(Material for this task)

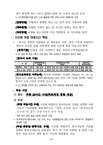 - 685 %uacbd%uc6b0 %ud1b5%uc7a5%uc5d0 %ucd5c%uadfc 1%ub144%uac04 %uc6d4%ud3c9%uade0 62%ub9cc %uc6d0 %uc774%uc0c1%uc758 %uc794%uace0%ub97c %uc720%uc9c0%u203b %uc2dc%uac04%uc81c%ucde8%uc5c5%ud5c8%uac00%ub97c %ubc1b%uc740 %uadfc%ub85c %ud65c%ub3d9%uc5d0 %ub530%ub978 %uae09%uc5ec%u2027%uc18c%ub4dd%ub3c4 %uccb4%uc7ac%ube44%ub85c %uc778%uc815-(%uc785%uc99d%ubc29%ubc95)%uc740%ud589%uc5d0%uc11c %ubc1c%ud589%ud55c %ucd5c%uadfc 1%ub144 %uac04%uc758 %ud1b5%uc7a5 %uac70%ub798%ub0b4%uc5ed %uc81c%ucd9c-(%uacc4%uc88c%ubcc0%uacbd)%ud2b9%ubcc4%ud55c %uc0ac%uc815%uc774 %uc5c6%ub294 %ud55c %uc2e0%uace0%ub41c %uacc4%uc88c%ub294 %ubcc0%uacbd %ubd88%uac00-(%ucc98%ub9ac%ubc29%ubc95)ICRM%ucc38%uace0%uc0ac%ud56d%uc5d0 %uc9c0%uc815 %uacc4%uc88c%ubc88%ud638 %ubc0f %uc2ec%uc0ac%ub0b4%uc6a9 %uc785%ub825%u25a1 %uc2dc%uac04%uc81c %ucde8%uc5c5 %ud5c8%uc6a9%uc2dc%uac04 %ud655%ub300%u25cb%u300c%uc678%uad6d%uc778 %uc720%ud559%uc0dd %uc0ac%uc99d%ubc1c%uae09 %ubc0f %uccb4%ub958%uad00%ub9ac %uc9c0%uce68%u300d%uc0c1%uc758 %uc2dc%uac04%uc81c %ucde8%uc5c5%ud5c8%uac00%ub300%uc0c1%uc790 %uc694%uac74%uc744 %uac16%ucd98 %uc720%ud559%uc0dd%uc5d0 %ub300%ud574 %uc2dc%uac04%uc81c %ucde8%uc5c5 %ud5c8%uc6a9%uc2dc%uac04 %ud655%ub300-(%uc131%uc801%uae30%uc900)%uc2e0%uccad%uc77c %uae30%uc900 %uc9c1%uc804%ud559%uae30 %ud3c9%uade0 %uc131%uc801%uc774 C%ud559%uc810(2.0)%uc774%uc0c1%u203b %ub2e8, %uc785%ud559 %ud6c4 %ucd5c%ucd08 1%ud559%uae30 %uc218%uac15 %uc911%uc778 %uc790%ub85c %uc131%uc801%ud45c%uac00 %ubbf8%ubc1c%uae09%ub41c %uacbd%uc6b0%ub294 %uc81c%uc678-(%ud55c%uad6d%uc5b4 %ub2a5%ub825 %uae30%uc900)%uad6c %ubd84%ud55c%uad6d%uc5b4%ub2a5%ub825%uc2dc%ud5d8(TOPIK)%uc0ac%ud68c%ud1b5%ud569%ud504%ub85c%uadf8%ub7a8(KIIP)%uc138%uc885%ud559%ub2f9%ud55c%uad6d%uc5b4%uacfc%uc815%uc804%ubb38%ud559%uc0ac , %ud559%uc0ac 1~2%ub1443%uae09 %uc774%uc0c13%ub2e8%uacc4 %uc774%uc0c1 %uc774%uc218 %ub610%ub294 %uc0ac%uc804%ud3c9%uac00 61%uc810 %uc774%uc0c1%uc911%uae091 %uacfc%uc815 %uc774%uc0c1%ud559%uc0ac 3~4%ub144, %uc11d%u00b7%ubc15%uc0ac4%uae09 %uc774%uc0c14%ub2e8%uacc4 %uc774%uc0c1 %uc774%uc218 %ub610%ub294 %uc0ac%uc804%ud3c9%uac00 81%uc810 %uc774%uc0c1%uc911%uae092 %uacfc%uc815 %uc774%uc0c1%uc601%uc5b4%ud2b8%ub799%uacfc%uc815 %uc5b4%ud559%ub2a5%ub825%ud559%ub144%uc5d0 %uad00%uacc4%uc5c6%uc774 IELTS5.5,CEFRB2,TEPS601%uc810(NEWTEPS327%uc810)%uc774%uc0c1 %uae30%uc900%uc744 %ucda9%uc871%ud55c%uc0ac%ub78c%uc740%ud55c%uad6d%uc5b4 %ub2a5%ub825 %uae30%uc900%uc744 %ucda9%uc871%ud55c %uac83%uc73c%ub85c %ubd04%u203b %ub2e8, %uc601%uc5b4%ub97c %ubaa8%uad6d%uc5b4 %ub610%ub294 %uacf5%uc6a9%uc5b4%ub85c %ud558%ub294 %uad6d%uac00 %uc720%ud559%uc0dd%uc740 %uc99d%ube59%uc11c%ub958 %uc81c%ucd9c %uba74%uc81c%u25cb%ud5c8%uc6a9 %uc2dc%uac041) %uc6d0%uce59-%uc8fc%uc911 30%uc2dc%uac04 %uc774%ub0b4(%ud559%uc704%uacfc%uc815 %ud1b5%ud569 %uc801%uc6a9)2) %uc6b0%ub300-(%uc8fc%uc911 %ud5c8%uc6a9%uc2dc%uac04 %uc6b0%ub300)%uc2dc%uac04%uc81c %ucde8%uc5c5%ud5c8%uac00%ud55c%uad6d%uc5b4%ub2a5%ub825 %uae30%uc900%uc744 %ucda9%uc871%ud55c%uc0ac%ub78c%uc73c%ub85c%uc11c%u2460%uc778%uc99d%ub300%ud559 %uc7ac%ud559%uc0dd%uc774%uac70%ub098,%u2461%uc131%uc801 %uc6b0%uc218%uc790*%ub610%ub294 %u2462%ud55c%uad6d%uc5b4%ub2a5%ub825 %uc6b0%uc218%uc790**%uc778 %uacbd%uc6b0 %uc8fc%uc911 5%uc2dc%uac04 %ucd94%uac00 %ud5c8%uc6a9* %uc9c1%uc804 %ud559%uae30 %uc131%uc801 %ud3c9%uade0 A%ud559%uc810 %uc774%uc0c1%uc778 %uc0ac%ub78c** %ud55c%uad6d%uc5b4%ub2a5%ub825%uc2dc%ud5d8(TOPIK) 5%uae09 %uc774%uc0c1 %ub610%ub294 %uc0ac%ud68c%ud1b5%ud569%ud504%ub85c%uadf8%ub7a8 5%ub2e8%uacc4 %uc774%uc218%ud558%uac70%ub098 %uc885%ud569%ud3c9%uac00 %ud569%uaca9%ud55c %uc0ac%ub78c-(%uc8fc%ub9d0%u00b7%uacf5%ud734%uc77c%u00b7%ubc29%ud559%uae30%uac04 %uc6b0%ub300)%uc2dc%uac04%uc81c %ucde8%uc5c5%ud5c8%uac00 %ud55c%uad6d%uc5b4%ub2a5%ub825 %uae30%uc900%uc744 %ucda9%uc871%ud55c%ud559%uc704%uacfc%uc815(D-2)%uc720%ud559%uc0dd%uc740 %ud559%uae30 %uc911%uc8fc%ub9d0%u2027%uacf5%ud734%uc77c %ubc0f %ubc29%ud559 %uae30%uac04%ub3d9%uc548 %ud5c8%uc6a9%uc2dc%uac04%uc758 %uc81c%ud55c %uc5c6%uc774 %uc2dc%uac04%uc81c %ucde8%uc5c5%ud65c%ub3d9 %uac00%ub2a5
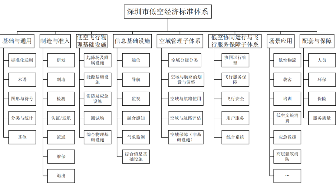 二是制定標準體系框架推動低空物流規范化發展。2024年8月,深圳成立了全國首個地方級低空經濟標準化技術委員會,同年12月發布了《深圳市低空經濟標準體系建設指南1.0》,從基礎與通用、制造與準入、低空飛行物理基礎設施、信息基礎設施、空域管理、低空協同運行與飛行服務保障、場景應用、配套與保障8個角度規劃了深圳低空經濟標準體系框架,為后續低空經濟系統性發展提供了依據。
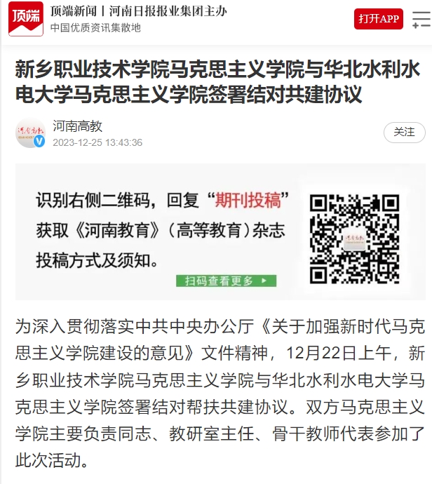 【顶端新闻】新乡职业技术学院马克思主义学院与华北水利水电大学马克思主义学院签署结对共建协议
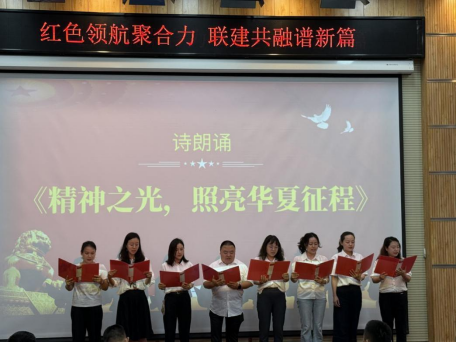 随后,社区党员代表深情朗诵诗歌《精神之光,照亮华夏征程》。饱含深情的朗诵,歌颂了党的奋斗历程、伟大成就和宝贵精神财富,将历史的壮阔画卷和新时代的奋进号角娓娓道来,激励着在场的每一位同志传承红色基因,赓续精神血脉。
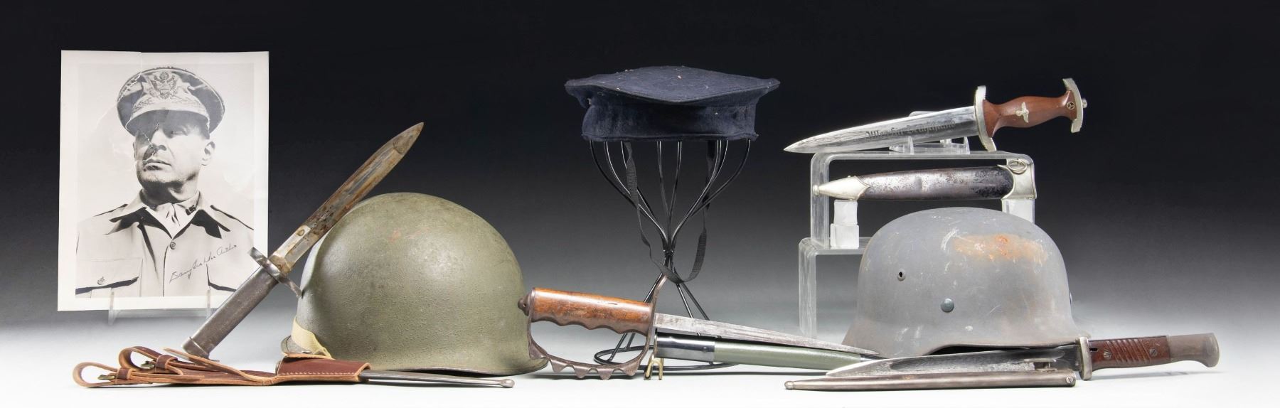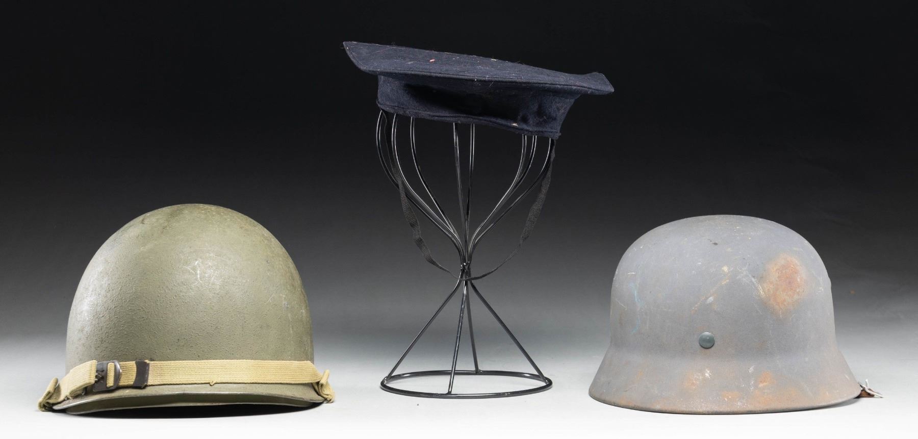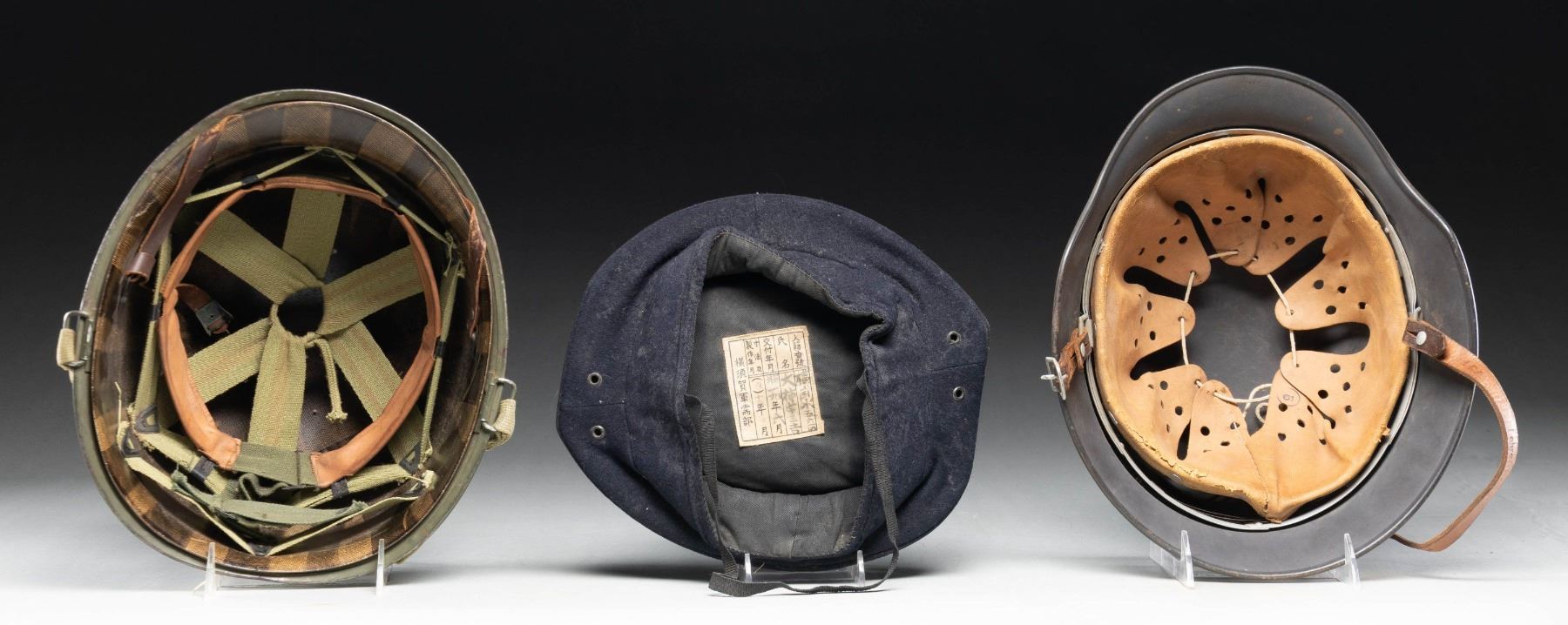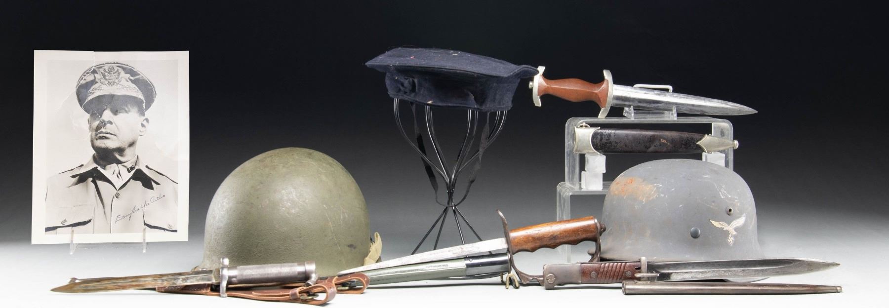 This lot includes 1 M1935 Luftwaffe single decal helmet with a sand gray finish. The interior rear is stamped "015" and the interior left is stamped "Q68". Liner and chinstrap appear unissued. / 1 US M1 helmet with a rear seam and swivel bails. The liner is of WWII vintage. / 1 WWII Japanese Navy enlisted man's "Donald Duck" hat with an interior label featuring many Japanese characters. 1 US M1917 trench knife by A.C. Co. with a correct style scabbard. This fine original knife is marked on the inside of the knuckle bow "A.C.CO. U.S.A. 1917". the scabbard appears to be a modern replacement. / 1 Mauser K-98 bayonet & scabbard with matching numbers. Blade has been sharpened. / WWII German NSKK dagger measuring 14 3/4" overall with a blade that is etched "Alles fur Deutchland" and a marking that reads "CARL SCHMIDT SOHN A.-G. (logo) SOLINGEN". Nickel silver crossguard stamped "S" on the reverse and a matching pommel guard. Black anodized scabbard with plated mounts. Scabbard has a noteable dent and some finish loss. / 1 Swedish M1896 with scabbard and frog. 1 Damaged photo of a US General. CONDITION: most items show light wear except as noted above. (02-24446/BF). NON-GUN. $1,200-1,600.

(End Material for this task)

Skip every picture, and restate word for word only the lines above from the line containing "二是制定標準體系框架推動低空" to the line containing "随后,社区党员代表深情朗诵诗", both of them included.

▸ The completed task:
 二是制定標準體系框架推動低空物流規范化發展。2024年8月,深圳成立了全國首個地方級低空經濟標準化技術委員會,同年12月發布了《深圳市低空經濟標準體系建設指南1.0》,從基礎與通用、制造與準入、低空飛行物理基礎設施、信息基礎設施、空域管理、低空協同運行與飛行服務保障、場景應用、配套與保障8個角度規劃了深圳低空經濟標準體系框架,為后續低空經濟系統性發展提供了依據。
 【顶端新闻】新乡职业技术学院马克思主义学院与华北水利水电大学马克思主义学院签署结对共建协议
 随后,社区党员代表深情朗诵诗歌《精神之光,照亮华夏征程》。饱含深情的朗诵,歌颂了党的奋斗历程、伟大成就和宝贵精神财富,将历史的壮阔画卷和新时代的奋进号角娓娓道来,激励着在场的每一位同志传承红色基因,赓续精神血脉。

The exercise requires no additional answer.